The SchoolMatch Profile Report of the school districts within 45 miles that best match our requirements is enlightening, and explicitly illustrates the point of this article. Of the 121 school system options, New Hampshire and Massachusetts were both represented in the top 20 school system matches.

In this particular case, Hollis and Londonderry, New Hampshire, both matched up well with the preferences on this sample profile. Several school systems in Massachusetts matched up well with this hypothetical family’s desire to live in an area where the living costs were not out of sight. They include Ipswich and Framingham, among others. For another family the choices and results would have revealed other school districts.

As with an individual, a school system’s personality is multidimensional. the size of the school system, the scope of its curriculum, the opportunity for personalized instruction, the socioeconomic makeup of the community in which the school system is located, the cost of living in the area, the accessibility to services that meet specialized family needs and the academic rigor of the school system are just a few of the factors that determine the personality of a school system.

While some families prefer to live in a school system that is large, many others prefer to send their children to a smaller, more personalized school system. While some families want their children in a school system with a highly competitive academic atmosphere, others feel it is better for their children to be in an academic setting that is not quite so rigorous. While some families would prefer to live in a school system where the home property values and the per capita income are relatively high, others would prefer to live in a good school system with a more moderate cost of living.

A good system for one family may not be a good school system for another. Quality education and family lifestyle preferences are inextricably intertwined. If a family relies on test scores and public reputation as the primary guide to finding the right school system, it limits itself to a small number of potential choices and, in turn, may be disappointed because other needs are not met.

The point of all of this is this. Through an interactive system such as SchoolMatch which can dissect an area full of school systems and then match them against a family’s unique set of school system preferences, it is indeed possible to help that family find what it wants, whether it be in New Hampshire where "you can save money on housing and taxes but sacrifice on quality education" or in Massachusetts where "you have good schools but pay through the nose to live there."

Just as every proverbial haystack has at least one needle, every area, irrespective of what the public perception may be, has at least one school system that will match up well with a family’s lifestyle needs.

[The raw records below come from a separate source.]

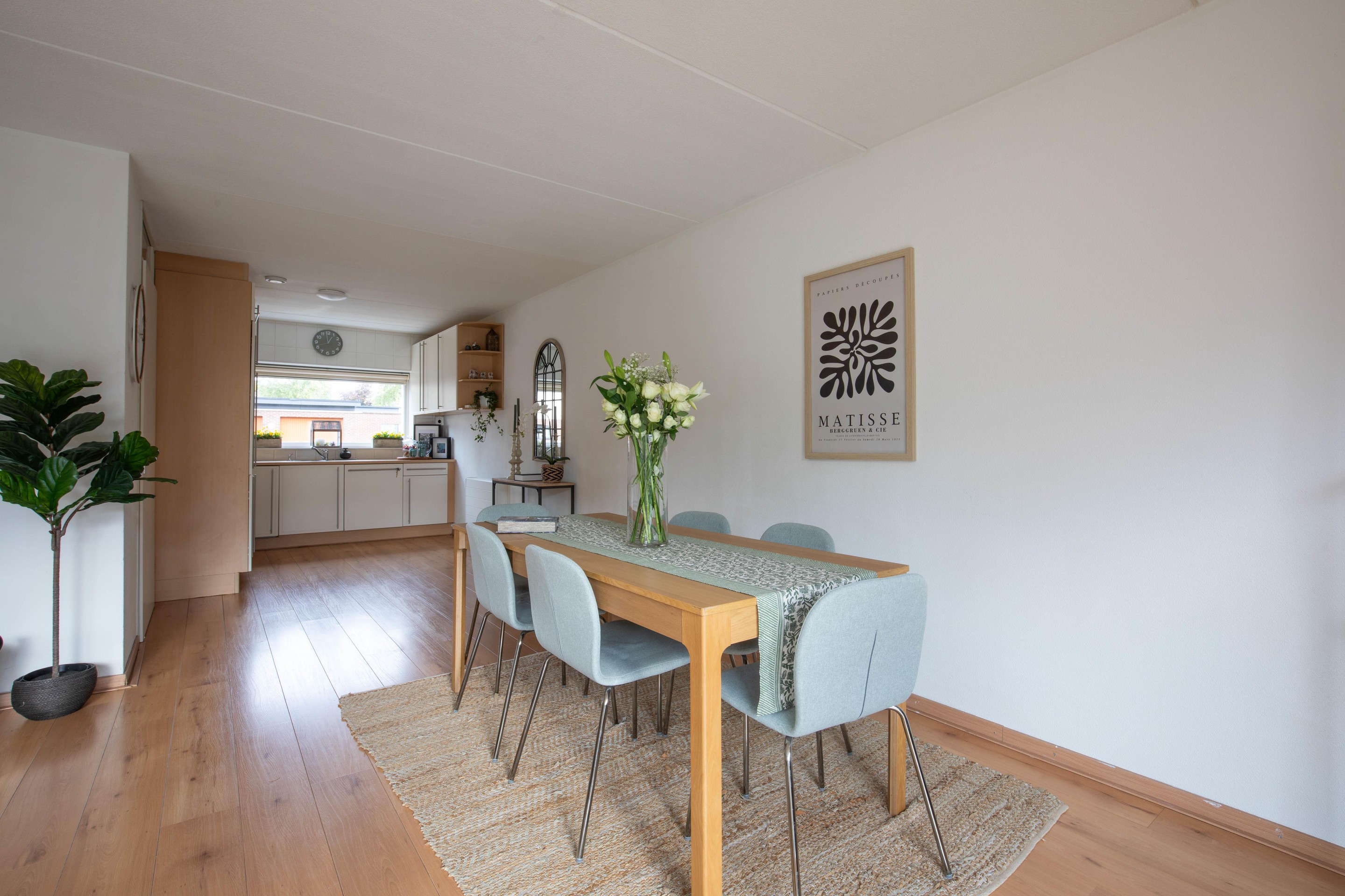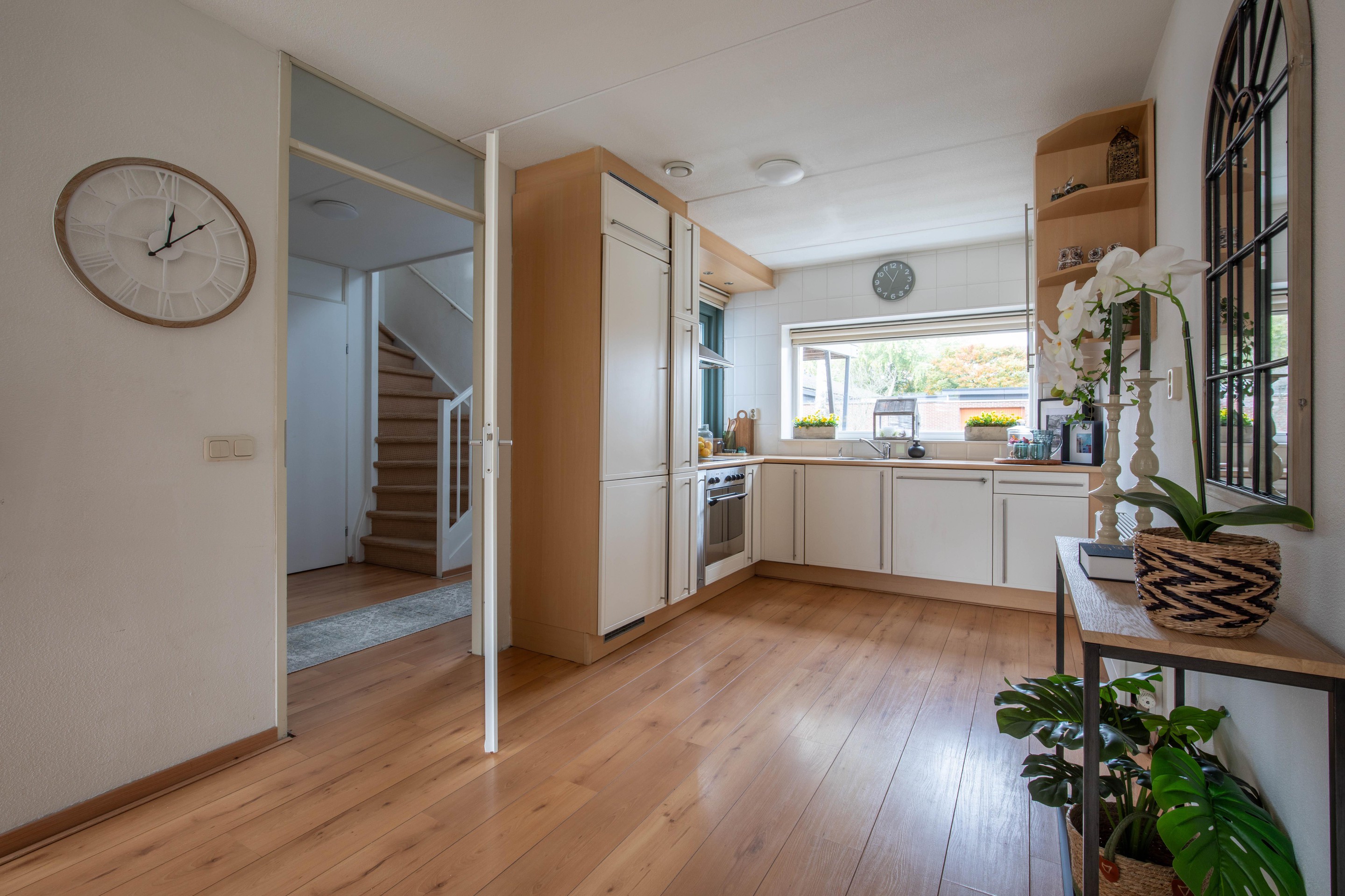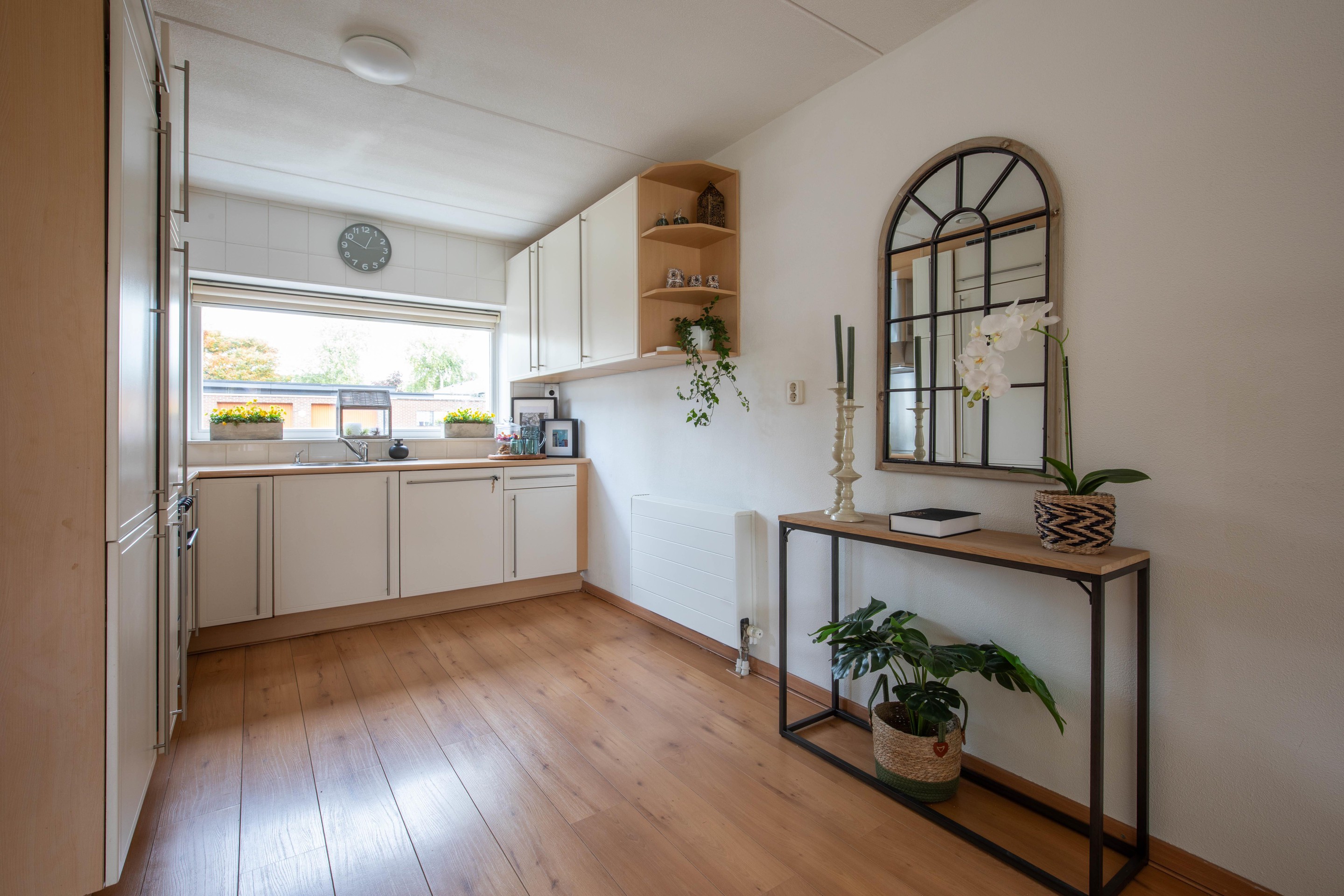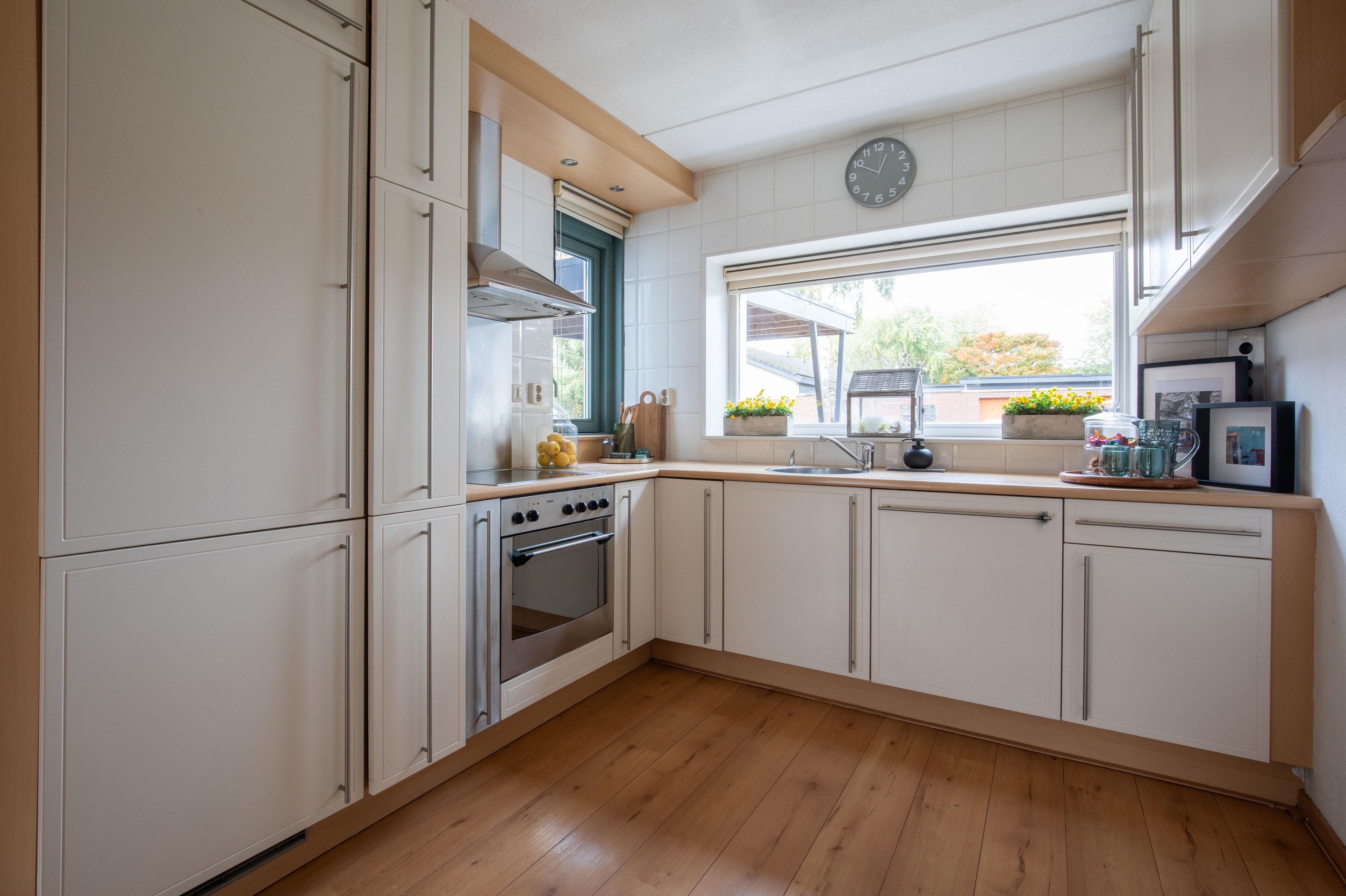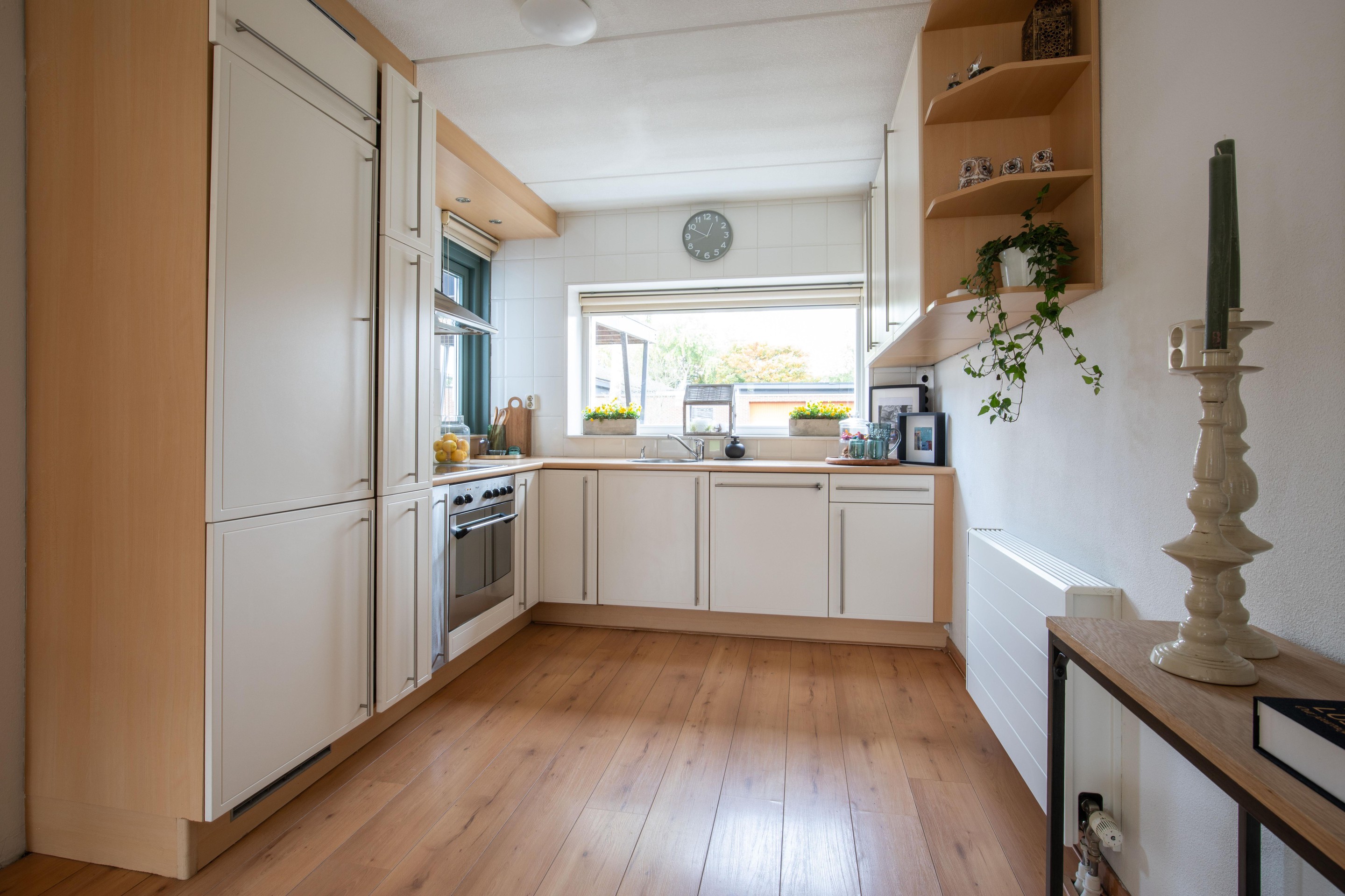 Aan de voorzijde bevindt zich de L-vormige keuken, voorzien van oven, magnetron, kookplaat, afzuigkap en koel-vriescombinatie. De gehele begane grond is afgewerkt met een nette laminaatvloer.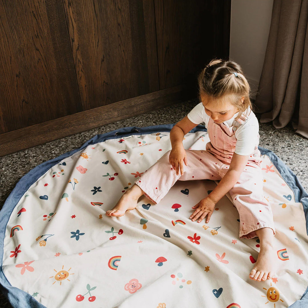 Slimme opbergzak die ook dienst doet als speelkleed. In een handomdraai verandert het speelkleed in een opbergzak en alles is weer opgeruimd! Ideaal voor klein speelgoed zoals lego, houten blokken en autotjes.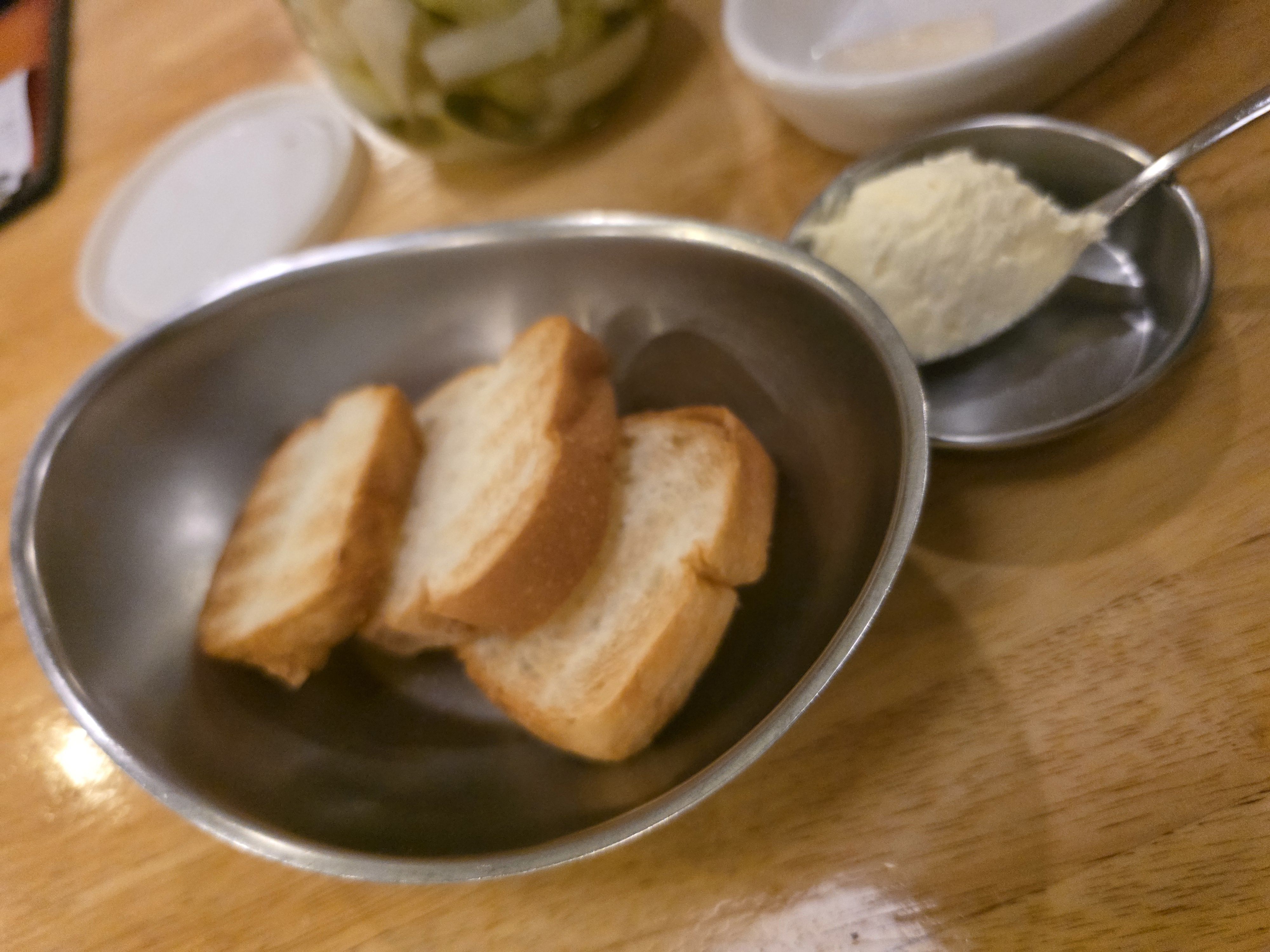따듯하게 나오는 식전빵과 고소한 크림의 조합은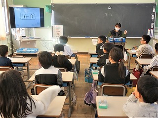 1年生の算数は引き算です。より速く、より正確に計算することも大事ですが、どんな場面で引き算を使うのかも重要です。問題文を読んで、自分で引き算が活用できるようにしています。2年生の国語では、お話のあらすじをまとめる学習をしています。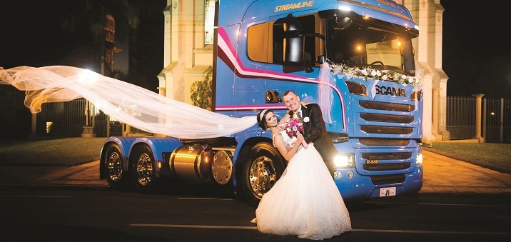 Com esse segundo veículo, o empresário levou a filha para se casar na igreja menos de um mês depois, em 11 de novembro. Os caminhões Scania serviram de inspiração para a festa. O sapato da noiva ganhou pintura especial na cor do primeiro 113 da família. As alianças foram levadas para o altar dentro de uma miniatura do veículo. O bolo também foi personalizado com a imagem do 113, assim como os canecos de chope, que ganharam caricatura dos noivos com o Scania. “Quando meu pai comprou o primeiro caminhão, eu tinha 6 anos de idade. Cresci viajando e aprendendo com ele que a gente tem de ter amor pelo que faz”, explica Cristiane.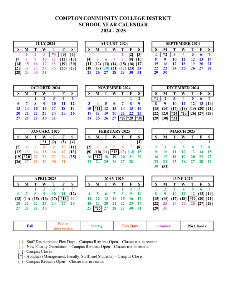 Fillable Online School Calendars 2024/2025 Free Printable PDF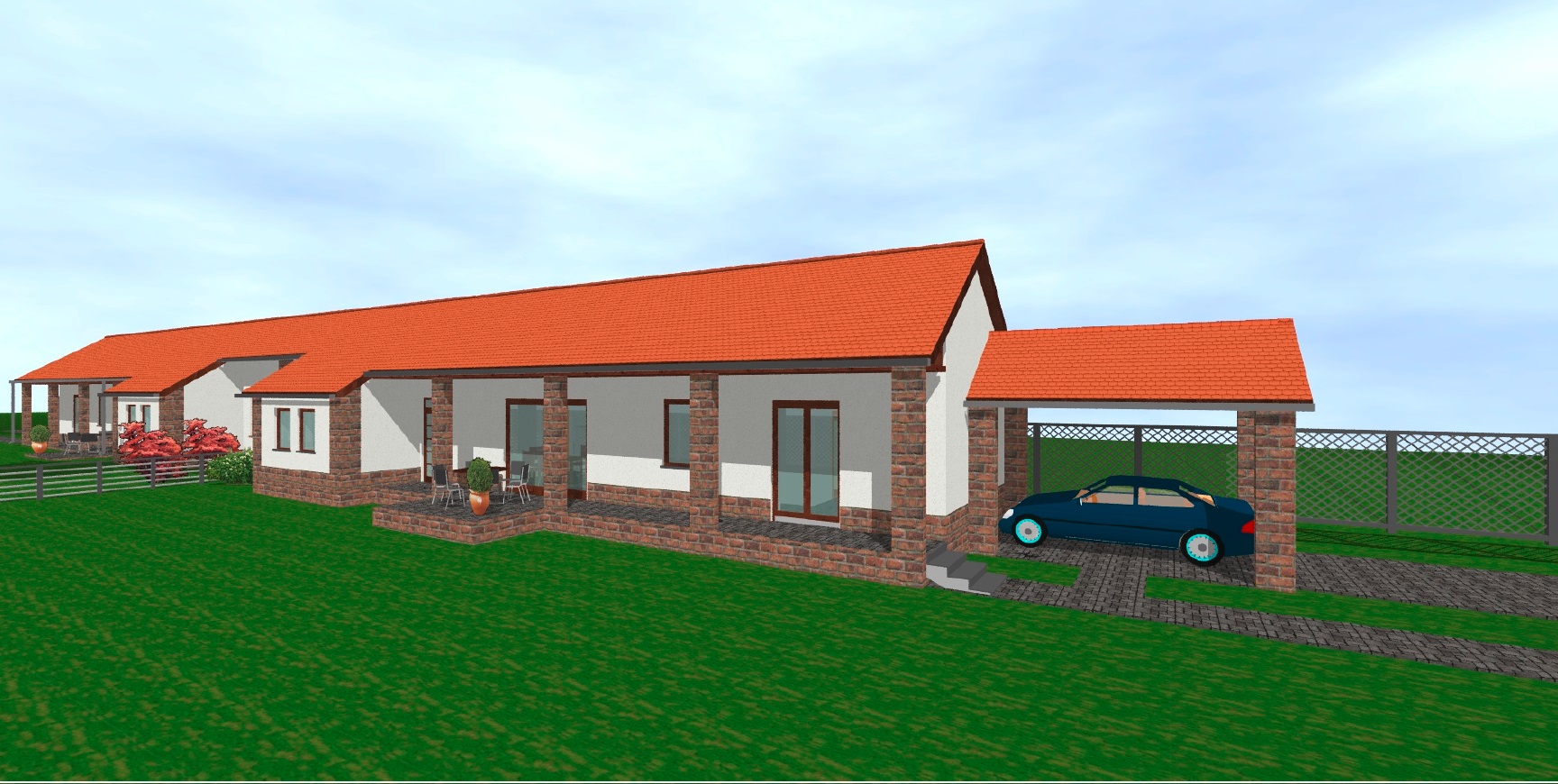 -115m2-es, modern, földszintes épület fedett kocsibeállóval, hangulatos tornáccal

(William L. Bainbridge, Ph.D., and Steven M. Sundre, Ph.D. are president and executive vice president, respectfully, of Public Priority Systems, Inc., creators of SchoolMatch, a national public school matching service. Dr. Bainbridge has over 17 years of experience in public school management, having served as superintendent of three school systems (in Ohio and Virginia) and as assistant to the state superintendent of public instruction in Ohio. Dr. Sundre has held several senior academic and management positions in higher education institutions and associations. He has served as vice president of the Association of University Programs in Health Administration and as executive director of the accrediting commission on education for Health Services Administration.)